**Problem statement**
Copy out the full data exactly as given; pictures should not be included.

**Information**
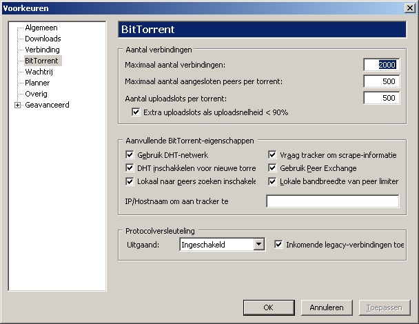 Port mapping functions in uTorrent: uitgeschakeld
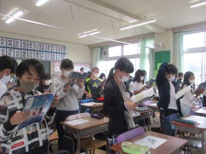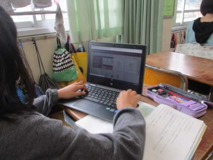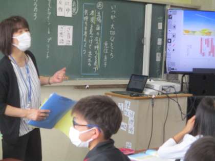 6年生の国語の授業を参観しました。比喩や擬態語、対比など工夫のある表現方法を手掛かりに、主人公の心情を読み取る学習に取り組みました。最初は「うれしい」「かなしい」といった直接的な感情表現に目が向いていた子どもたちも、読みを深めているうちに、「『顔を上げて』っていうところが、前向きな主人公の気持ちが表われていると思う」「『一筋の飛行機雲』は、明るい未来に向かって進んでいるということを表しているような気がする」といった読み取りを進めていく姿がありました。考えの共有は、ムーブノートを使って行いました。友達の考えに共感し、「拍手マーク」を送っていました。こうして友達の考えに触れ、自分の読みを深めています。
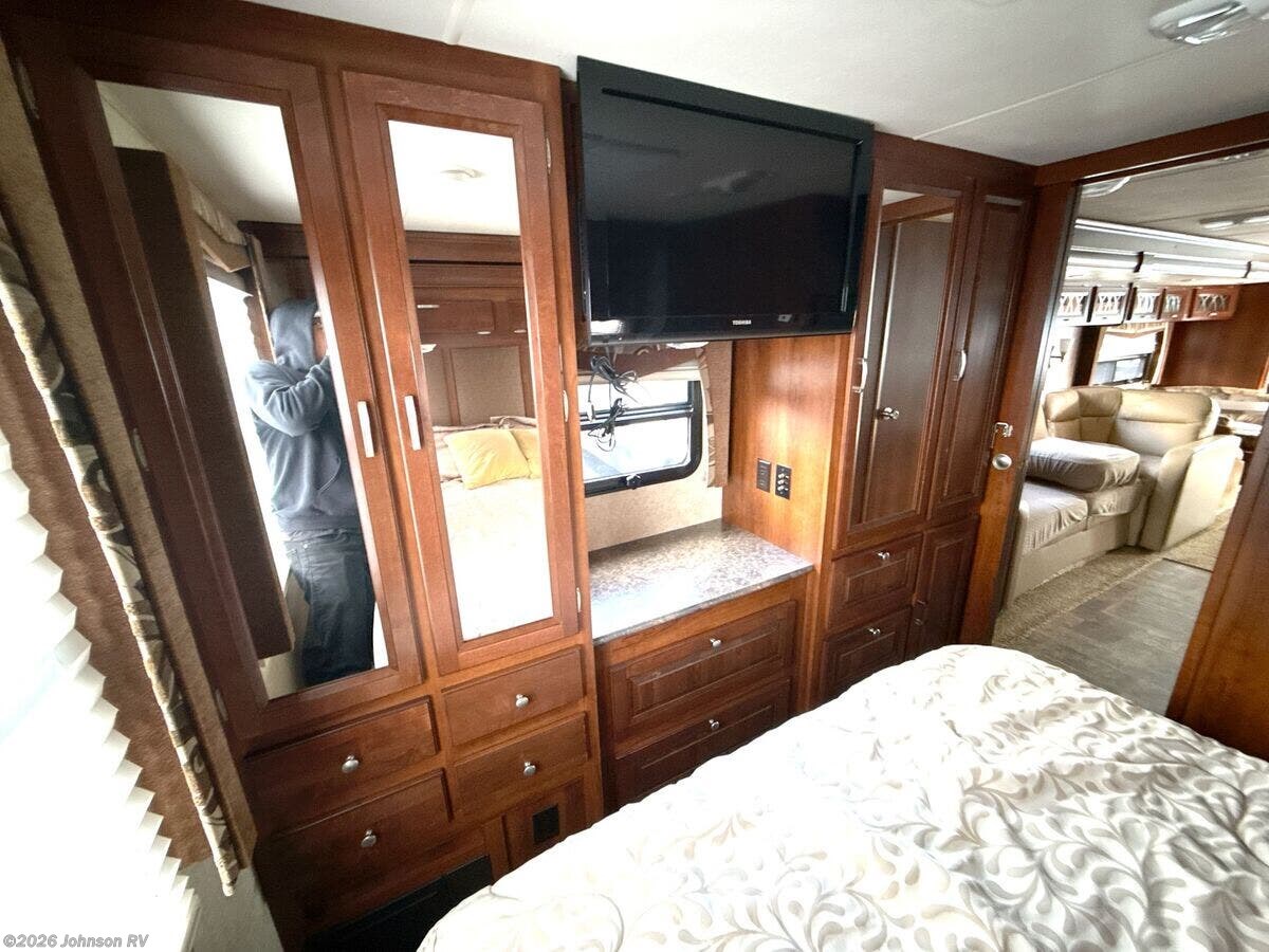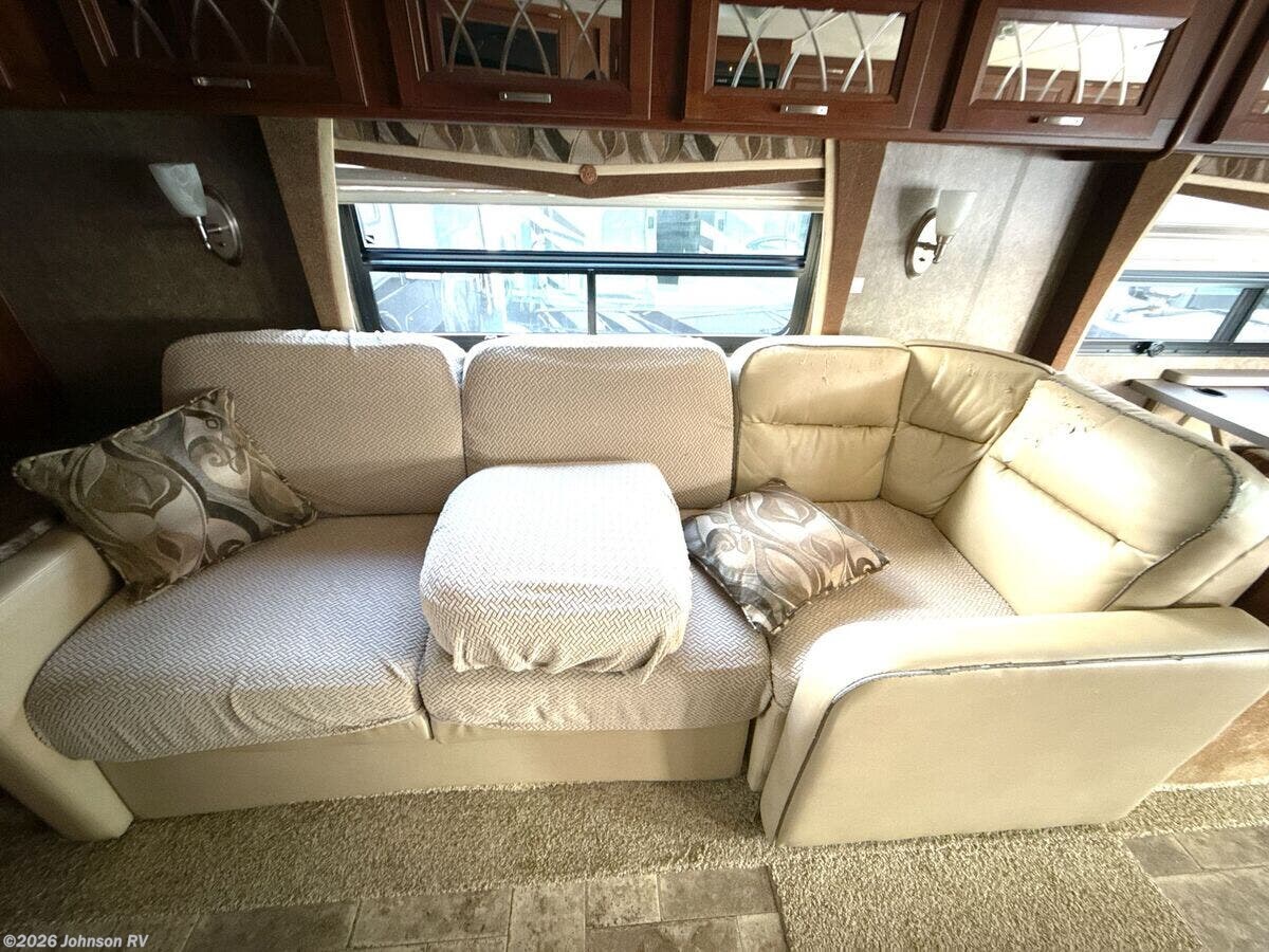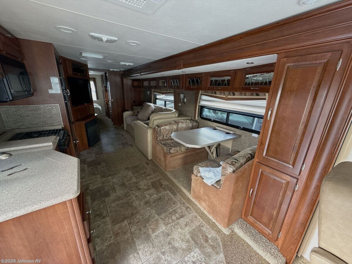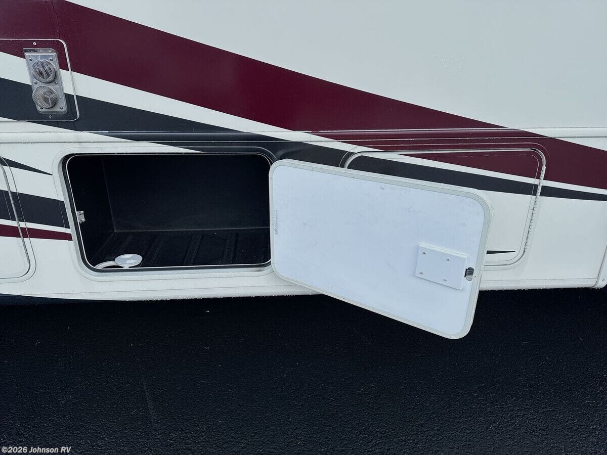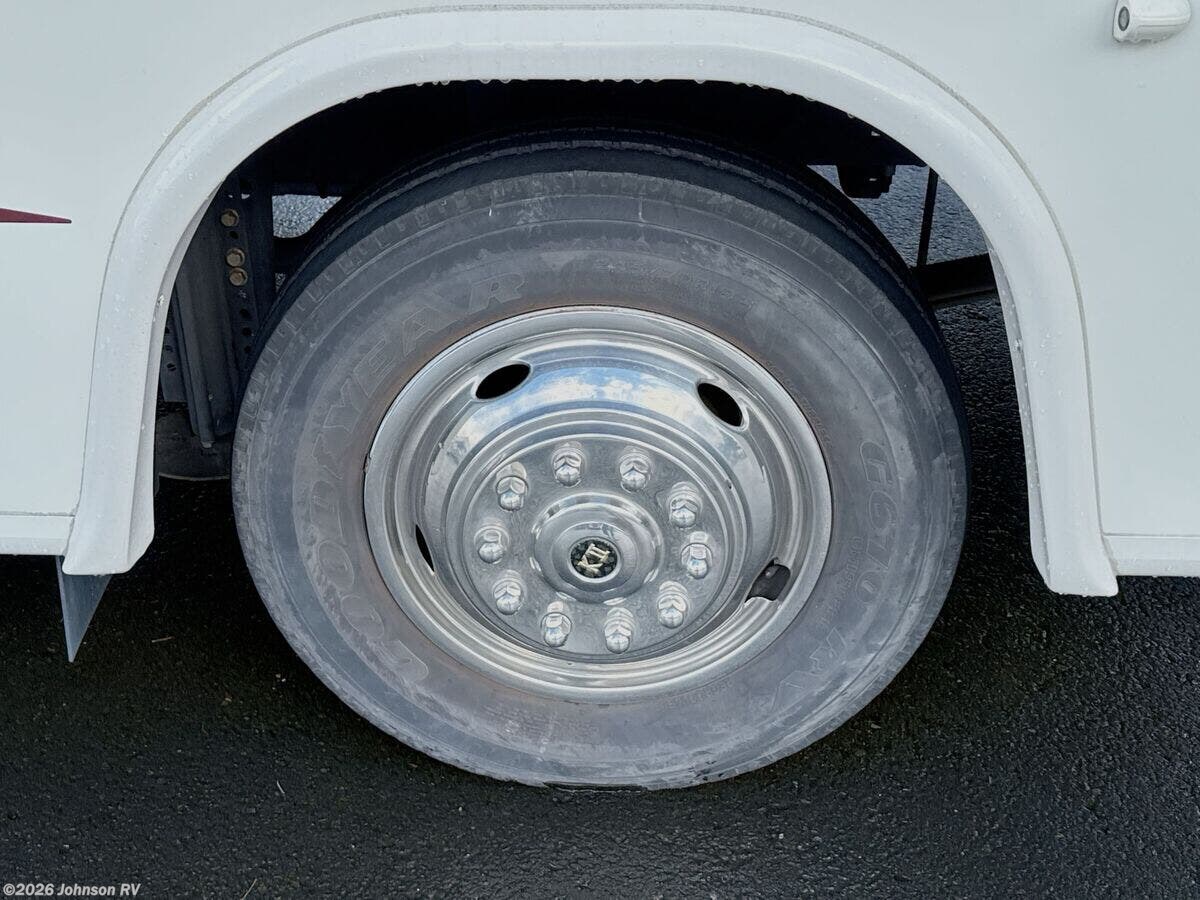 Features Include: Ford V10 Gas Engine, 80-Gal Fuel Tank, Fog Lights, Mud Flaps, 1-Piece Windshield, Soft-Touch Cab Seats, Dash Fans, AM FM CD Player, Patio Awning, Electric Entry Step, LED Accent Lights, Day Night Shades, Entertainment Center, Overhead Cabinets, Dining, Dream Dinette, Refrigerator, Cooktop Glass Cover, Gas Oven, Systems Center, Automatic Leveling, 32-inch TV Sleeping, King Bed 72x74, Overbed Storage, Reading Lights, Wardrobe, Bunk Beds (vbm), Stainless Steel Sink, Linen Storage, Fiberglass Shower, 24-Gal LP Tank, Auxiliary Battery, 50-Amp Service, 13.5k AC 2nd AC Prep, 35k Furnace, 6-Gal DSI Hot Water, Black Tank Flush, Slide Out Awnings, Rotocast Storage Bay
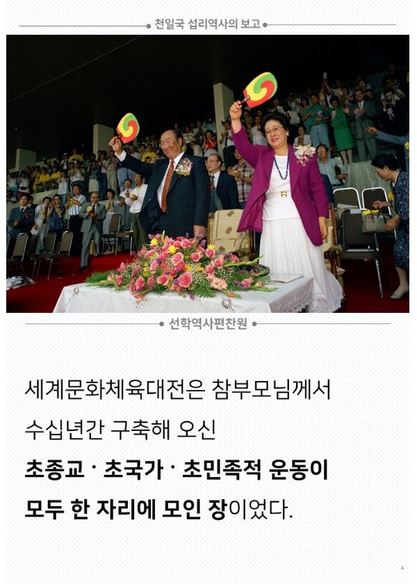 11 「世界文化体育大典」は、全世界の学者、宗教指導者、言論人、政治家、青年指導者、体育人などが、神様を中心とした地球村家族の一員として出会う祝典で す。神様を根源とした人類和合の知恵と経験を結集し、平和理想世界を目指す天宙史的な行事です。本然の理想世界は、神様の真の愛と、真の生命、真の血統を 中心として、アダムとエバが真の子女、真の兄弟、真の夫婦、真の父母の心情圏を完成することによって形成される世界です。
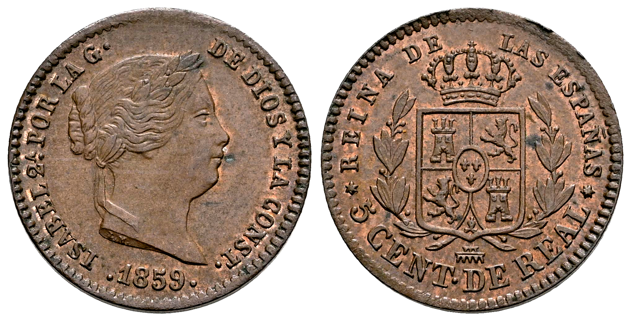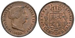 Elizabeth II (1833-1868). 5 centimos de real. 1859. Segovia. (Cal-164). Ae. 1,67 g. Slight traces of original luster. XF. Est...60,00.
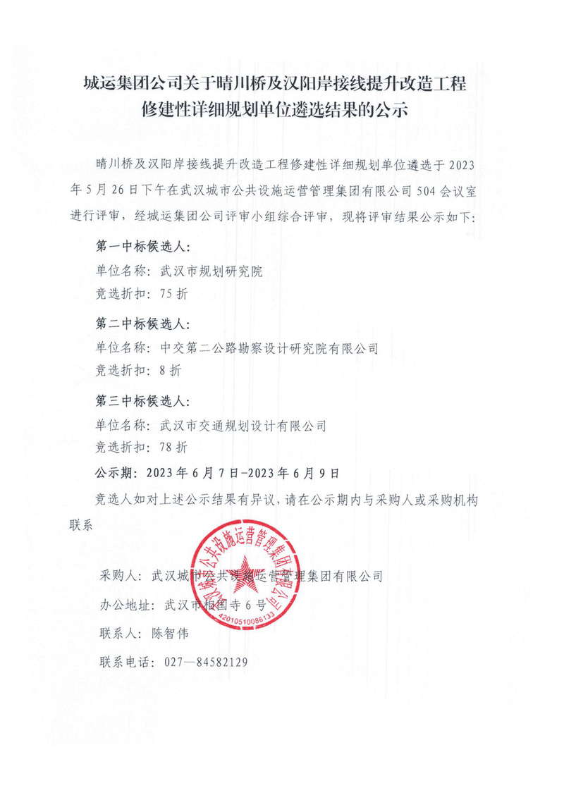 城運(yùn)集團(tuán)公司關(guān)于晴川橋及漢陽(yáng)岸接線提升改造工程修建性詳細(xì)規(guī)劃單位遴選結(jié)果的公示

**Task answer**
 Port mapping functions in uTorrent: uitgeschakeld
 6年生の国語の授業を参観しました。比喩や擬態語、対比など工夫のある表現方法を手掛かりに、主人公の心情を読み取る学習に取り組みました。最初は「うれしい」「かなしい」といった直接的な感情表現に目が向いていた子どもたちも、読みを深めているうちに、「『顔を上げて』っていうところが、前向きな主人公の気持ちが表われていると思う」「『一筋の飛行機雲』は、明るい未来に向かって進んでいるということを表しているような気がする」といった読み取りを進めていく姿がありました。考えの共有は、ムーブノートを使って行いました。友達の考えに共感し、「拍手マーク」を送っていました。こうして友達の考えに触れ、自分の読みを深めています。
 Features Include: Ford V10 Gas Engine, 80-Gal Fuel Tank, Fog Lights, Mud Flaps, 1-Piece Windshield, Soft-Touch Cab Seats, Dash Fans, AM FM CD Player, Patio Awning, Electric Entry Step, LED Accent Lights, Day Night Shades, Entertainment Center, Overhead Cabinets, Dining, Dream Dinette, Refrigerator, Cooktop Glass Cover, Gas Oven, Systems Center, Automatic Leveling, 32-inch TV Sleeping, King Bed 72x74, Overbed Storage, Reading Lights, Wardrobe, Bunk Beds (vbm), Stainless Steel Sink, Linen Storage, Fiberglass Shower, 24-Gal LP Tank, Auxiliary Battery, 50-Amp Service, 13.5k AC 2nd AC Prep, 35k Furnace, 6-Gal DSI Hot Water, Black Tank Flush, Slide Out Awnings, Rotocast Storage Bay
 11 「世界文化体育大典」は、全世界の学者、宗教指導者、言論人、政治家、青年指導者、体育人などが、神様を中心とした地球村家族の一員として出会う祝典で す。神様を根源とした人類和合の知恵と経験を結集し、平和理想世界を目指す天宙史的な行事です。本然の理想世界は、神様の真の愛と、真の生命、真の血統を 中心として、アダムとエバが真の子女、真の兄弟、真の夫婦、真の父母の心情圏を完成することによって形成される世界です。
 Elizabeth II (1833-1868). 5 centimos de real. 1859. Segovia. (Cal-164). Ae. 1,67 g. Slight traces of original luster. XF. Est...60,00.
 城運(yùn)集團(tuán)公司關(guān)于晴川橋及漢陽(yáng)岸接線提升改造工程修建性詳細(xì)規(guī)劃單位遴選結(jié)果的公示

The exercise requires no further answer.